The object in question has public properties that look like this:

_stringName
_ArrayList of cfgObjects
_DateTime
_Integer

the cfgObject looks like this:

_stringCfgName
_ArrayList1 of strings
_ArrayList2 of strings
_bool1
_bool2

The data that initializes these objects is stored in a typed DataSet with
constraints and relations.

I suppose I could populate a DataTable and iterate through it in the
object's constructor but, as a newbie to C#, my guess is there's some
pattern or practice out there, or even some class in the FCL, that has a
better way.

Is there a standard (or better) way to get an object from relational data?

Thanks in advance.
 
Google for C# ORM or OR/M - object-relational mapping, and "entity objects",
and the like.
There's a lot to cover!

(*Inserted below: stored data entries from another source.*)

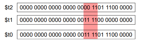 srl $t2, $s0, 8 #shift right logical $t2 = $s0 >> 8 bits
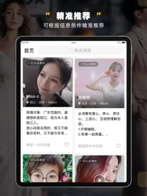 5. 高效匹配:当你完善个人资料后,系统会根据你的条件、爱好、恋爱观等特征高效地为你匹配和你属性相近的人。帮助你在共同爱好中找到最适合的那个Ta。
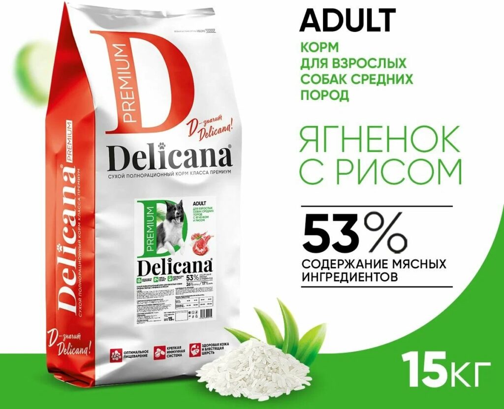 корм с гидролизатом белка для собак Delicana Ягненок с рисом 15 кг Достоинства:
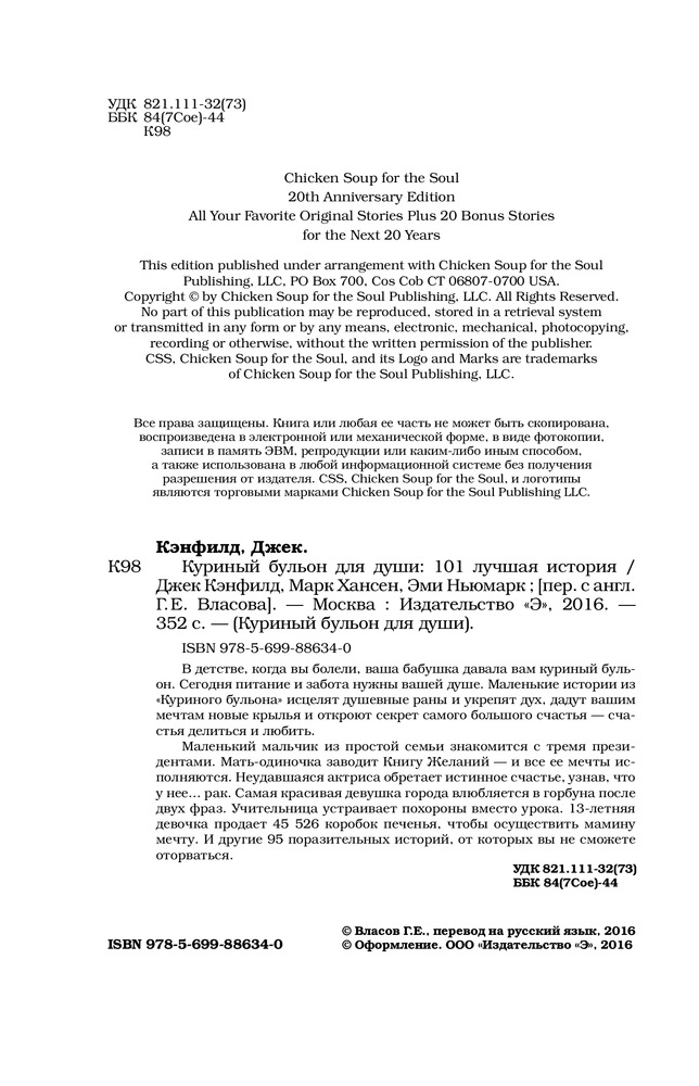 Куриный бульон для души. 101 лучшая историяМарк Виктор Хансен, Джек Кэнфилд -20% +90 душевные истории качественная бумага короткие рассказы легкое чтение
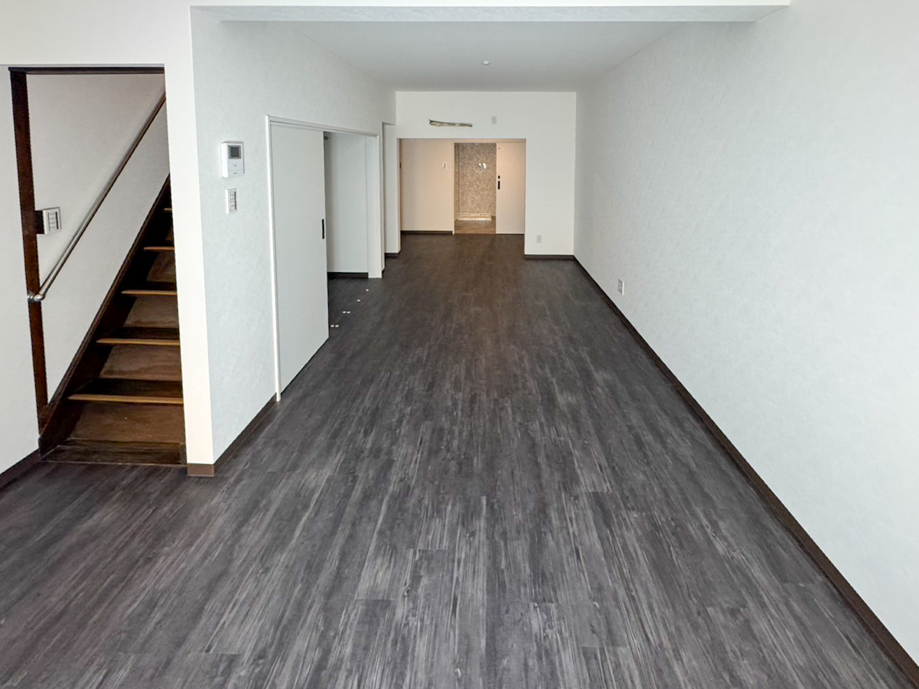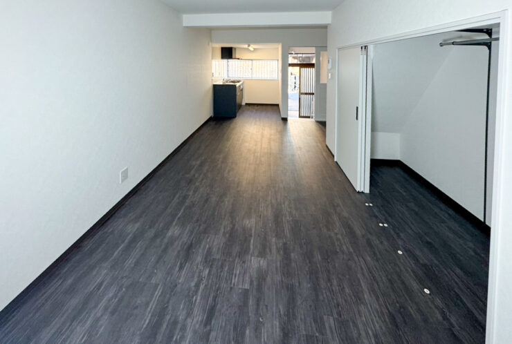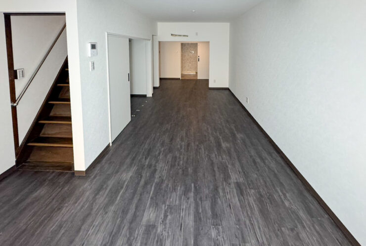 元々はキッチンとリビングが壁で仕切られていましたが撤去してキッチンの位置を変更し同一空間としました。

If sure people will chime in with their favorite
methods and products...

m
 
Hello deko,

Just to add to Mike post abt O/R mapping I recomend to use NHibernate and
CodeSmith with 3rd-party templates
See Example of building DAL is over there http://community.codesmithtools.com/blogs/tutorials/archive/2006/02/13/nettiers.aspx

d> Is there a Pattern or best Practice for getting relational data out
d> of a database and into an object?
d>
d> The object in question has public properties that look like this:
d>
d> _stringName
d> _ArrayList of cfgObjects
d> _DateTime
d> _Integer
d> the cfgObject looks like this:
d>
d> _stringCfgName
d> _ArrayList1 of strings
d> _ArrayList2 of strings
d> _bool1
d> _bool2
d> The data that initializes these objects is stored in a typed DataSet
d> with constraints and relations.
d>
d> I suppose I could populate a DataTable and iterate through it in the
d> object's constructor but, as a newbie to C#, my guess is there's some
d> pattern or practice out there, or even some class in the FCL, that
d> has a better way.
d>
d> Is there a standard (or better) way to get an object from relational
d> data?
d>
d> Thanks in advance.
d>
---
WBR,
Michael Nemtsev :: blog: http://spaces.msn.com/laflour

"At times one remains faithful to a cause only because its opponents do not
cease to be insipid." (c) Friedrich Nietzsche
 
deko said:
CodeSmith sounds great (it ought to be for 100 bucks).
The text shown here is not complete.